The mechanisms behind the acquired deficiency of BH4 in rabies are unknown. The biochemical picture suggests a severe defect in the biosynthesis of BH4. All enzymes in the biosynthetic (GTP cyclohydrolase I (GTPCH), EC 3.5.4.16), 6-pyruvoyl-tetrahydropterin synthase (PTPS, EC 4.6.1.10), sepiapterin reductase (SR, E 1.1.1.153) and recycling pathways (dihydropteridine reductase (DHPR), EC 1.6.99.7) must be considered, but mechanistic studies are lacking. Elevated ratios of BH2 to BH4 reported in cases 2 and 3 suggest excess oxidation of BH4, either through catalytic consumption or by interaction with superoxide, peroxynitrite and other reactive oxygen species. Elevated ratios of BH2 to BH4 are predictive of endothelial dysfunction (Vasquez-Vivar et al 2002). Paradoxical vasoconstriction or complete deficiency of BH4, an essential cofactor of all isoforms of nitric oxide synthase (EC 1.14.13.39), may explain the generalized hypoperfusion through most intracranial arteries of our second patient on HD44, confirmed by TCD, MRA and HMPAO brain scan. Generalized asphyxia or ischaemia are common causes of BH4 and monoamine neurotransmitter deficiencies, but would not explain improvements in neurotransmitter metabolites in cases 1 and 3 after BH4 supplementation or the excellent clinical outcome in case 1. Animal models and autopsy series should be considered to answer these questions.

The potential for functional recovery, in the absence of clear cytopathic damage to the brain in rabies, has been demonstrated once and has additional precedent in congenital BH4 deficiencies.

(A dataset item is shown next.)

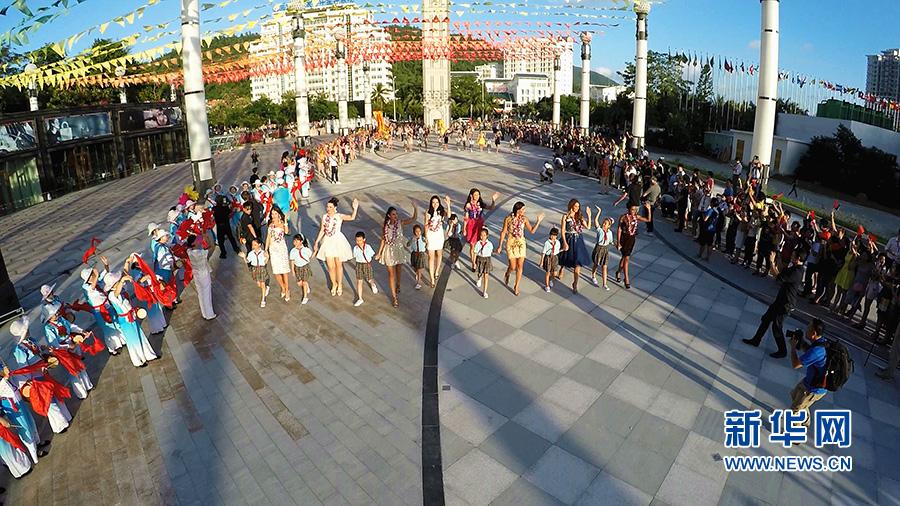 世界小姐步入三亚时代广场。新华网航拍队 摄

Supplementation with BH4 and monoamine neurotransmitter precursors may result in prominent clinical improvement even after months to years of static encephalopathy or neurological deterioration (Dudesek et al 2001). We are therefore cautiously optimistic at the prospect of readily available, metabolically specific therapy for rabies in the form of oral BH4. In addition to BH4, oral supplementation with precursors of the monoamine neurotransmitters (l-dopa and 5-HT) as well as monoamine decarboxylase inhibitors (carbidopa, benserazide, selegiline) may be indicated for selected patients in whom the bioavailability of BH4 to the brain can vary.

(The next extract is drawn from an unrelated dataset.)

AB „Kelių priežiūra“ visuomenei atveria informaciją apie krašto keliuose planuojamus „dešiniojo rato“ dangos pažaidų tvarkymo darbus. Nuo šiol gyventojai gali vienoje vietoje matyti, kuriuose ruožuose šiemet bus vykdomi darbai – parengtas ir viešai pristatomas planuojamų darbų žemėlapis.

This work must be carefully replicated in future patients and extended in animal models. Unfortunately, BH4 is not analytically stable in fluids and tissues and so is not amenable to retrospective investigations and, to date, there is no ideal animal model for rabies therapy. Given the lack of an effective alternative to rabies management, application of the Milwaukee protocol and BH4-related diagnostics to humans will necessarily proceed in parallel with development of a survival model, and before formal clinical trials. For such ad hoc attempts, and while we develop an animal model, we offer an updated protocol and simple, web-resident case-registry at www.mcw.edu/rabies.